L’articolo pubblicato su la Repubblica Palermo.
L’estate di una Mondello senza capanne è la fine di un alibi. L’alibi del “chissà”. Chissà come sarebbe la spiaggia senza le cabine/capanne, come se d’inverno non la vedessimo meravigliosa nella sua selvaggia vuotezza. Chissà come farebbero i palermitani a vivere un agosto di sabbia e asciugamani, senza quel riparo di legno e chiodi nel quale stipare cianfrusaglie e sudore. Chissà che fine farebbe tutto quello spazio in più: più anime da stipare? Più munnizza da abbandonare? Più metri quadri da strappare al dominio incontrastato della Mondello Italo Belga?

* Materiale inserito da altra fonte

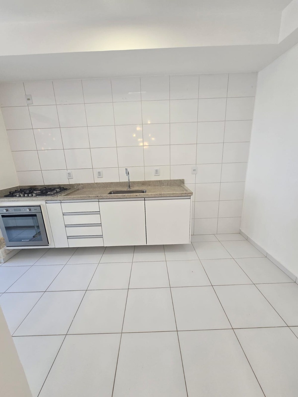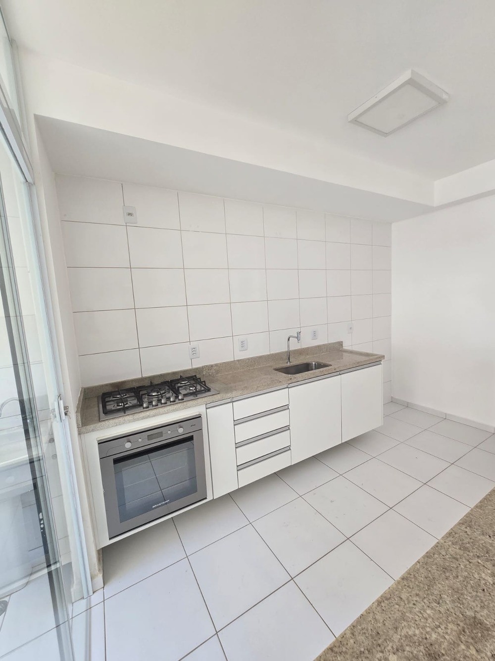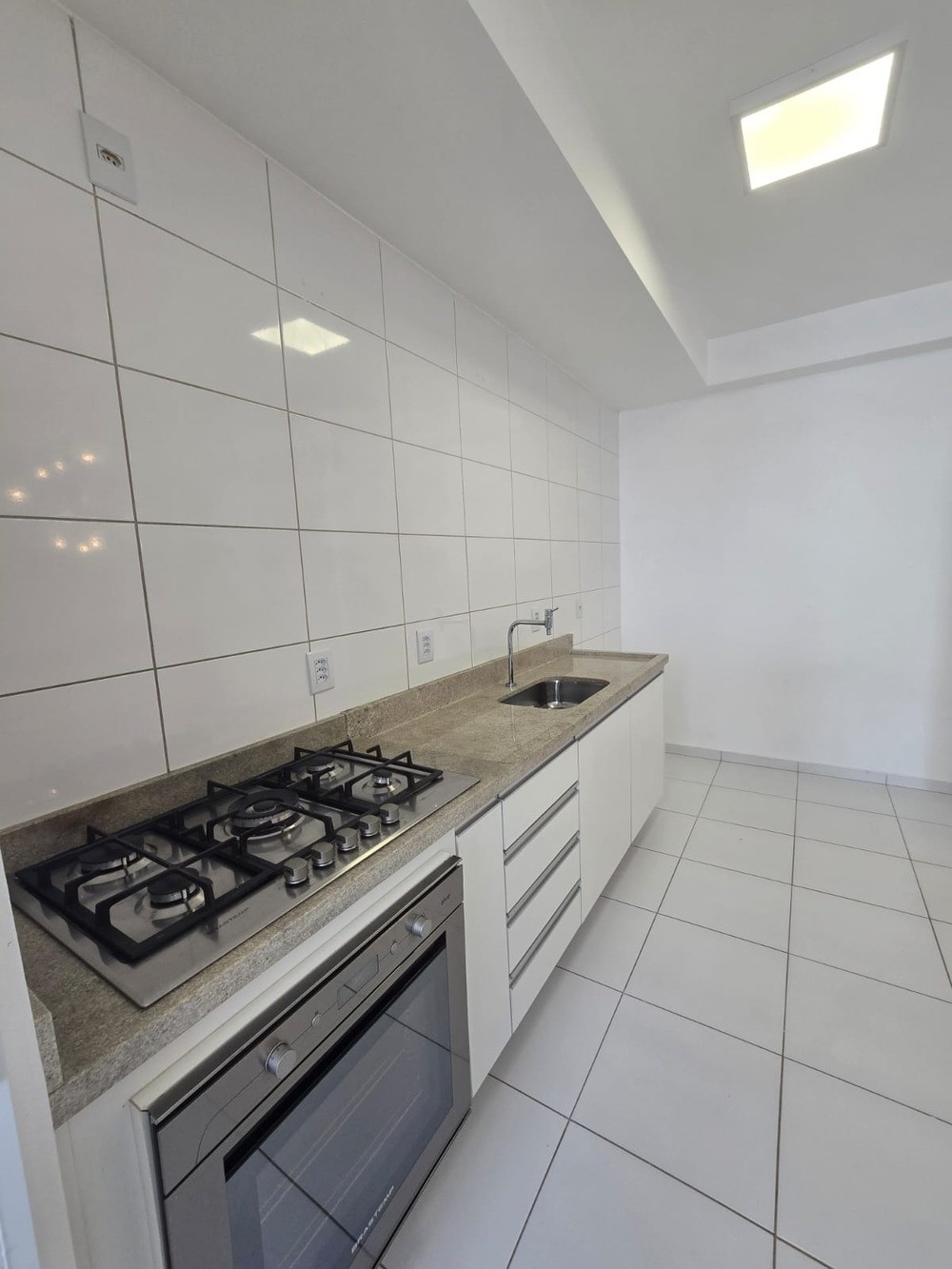 - Cozinha com bancada em mármore armário, cooktop, forno e armário;

Ecco, quest’anno avremo l’occasione di tastare con mano la realtà temuta o agognata, a seconda dei punti di vista, di una spiaggia “decapannizzata”, uno skyline stagionalmente nuovo per generazioni di bagnanti. L’emergenza da cui questa situazione deriva rischia di interferire con il complesso sistema biologico che governa i meccanismi della socialità a queste latitudini: una Mondello estiva senza ressa per molti palermitani è come una pietanza insipida. Perché a tutto avevamo pensato, ai supermercati come le trincee di guerra, ai runner clandestini come untori, all’assembramento killer e ai congiunti disgiunti, ma mai si sarebbe potuto immaginare un ferragosto senza il combinato pasta al forno – briscola – capanna. Questa nuova estate di Mondello è un’occasione per mettere da parte languidi ricordi (quanti amori nati dentro, intorno e persino sopra quelle capanne) e riflettere su un malinteso sempiterno: una spiaggia liberata non è automaticamente una spiaggia libera. L’unica forma definitiva di distanziamento sociale, purtroppo inattuabile, è quella dall’inciviltà di chi sporca, distrugge, oltraggia quella preziosa lingua di sabbia.